Did you manually change the status of those particular things? Because that’s not what I was getting at.

All I did was look at the most common things I know off the top of my head are mistaken for web standards when they are not. I did not review anything else. So if you just changed the status of those things, there’s more fixes you need to make.

For instance, I just took another look, and I saw that BackgroundSync is not marked as non-standard. But Mozilla are negative on it:

> We're concerned that this feature would allow users to be tracked across networks (leaking private information about location and IP address and how they change over time), and that it would allow script execution and resource consumption when it isn't clear to the user that they're interacting with the site. We might reconsider this position given evidence that these concerns can be safely addressed.

https://mozilla.github.io/standards-positions/#background-sy...

And Apple have concerns and have not committed to it either:

> Adding concerns: power as generally having activity running in the background is not great for battery life. In my experience as a user of "native" apps this can also be tricky to get right.
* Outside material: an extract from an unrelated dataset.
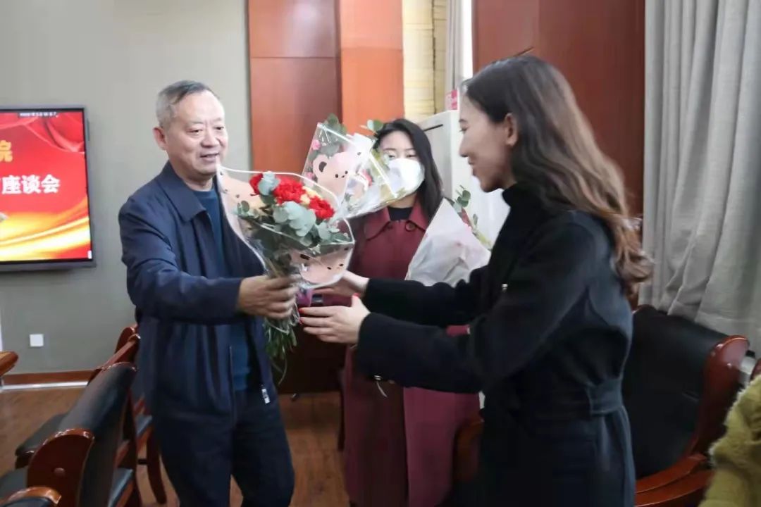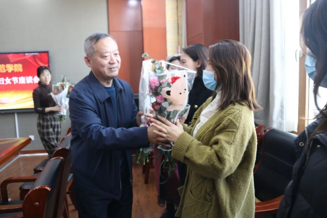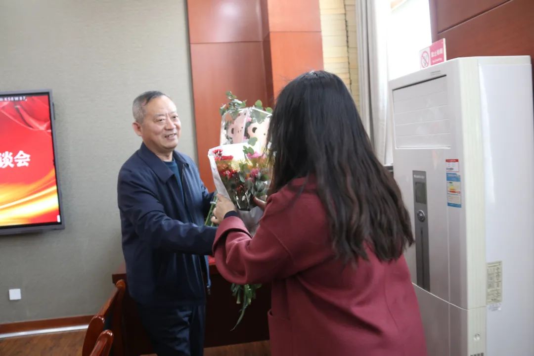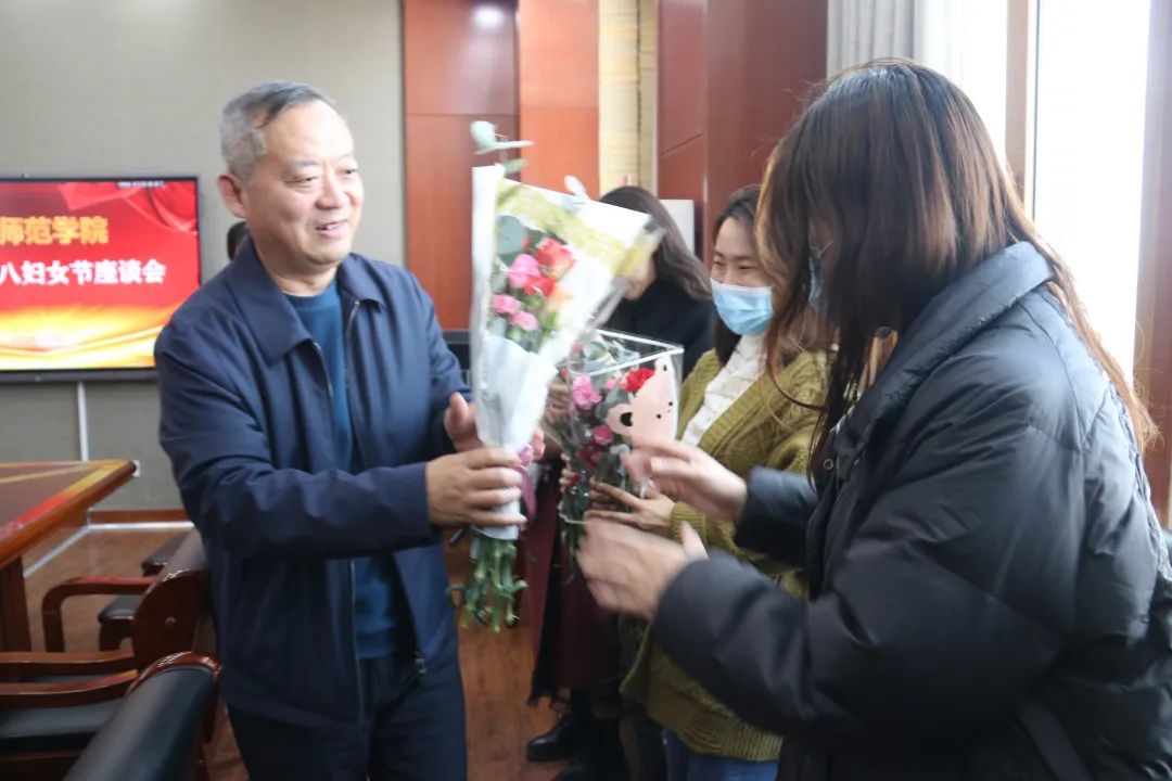 会议开始前,宫建军和工会同志为师院2022年“三八”红旗手送上了鲜花。

Sometimes background syncing would have taken place, but the moment you open the app it does another sync and blows away the content you just started to read.

> Adding concerns: privacy as this would allow a website to monitor you switching IP addresses. As the draft notes there also some network attacker leaks due to this, revealing origins that you visit that use this functionality to them.

https://github.com/WebKit/standards-positions/issues/14

If you look at the spec. it has “Unofficial draft” displayed very prominently all over it, and also states:

> It is not a W3C Standard nor is it on the W3C Standards Track.

https://wicg.github.io/background-sync/spec/

So again, this seems to be a Blink-only API that only Google have implemented, not standard functionality. How many of these fails are actually just Google doing their own thing with no buy-in from other rendering engines? “PWAscore” is a reasonable thing to build, but “Chromescore” where you measure against all the non-standard things Google have implemented by themselves is not a reasonable thing to build.

Also, you have “Not supported” for push notifications in Safari, but if you check Can I Use, you will see that it works for installed PWAs and is only unavailable to websites you visit. Since the purpose of your site is to score based on PWA support, this should be a success, not a fail.

Personally, I would remove all the non-standard stuff. Not give a big list of standard and non-standard stuff mixed together.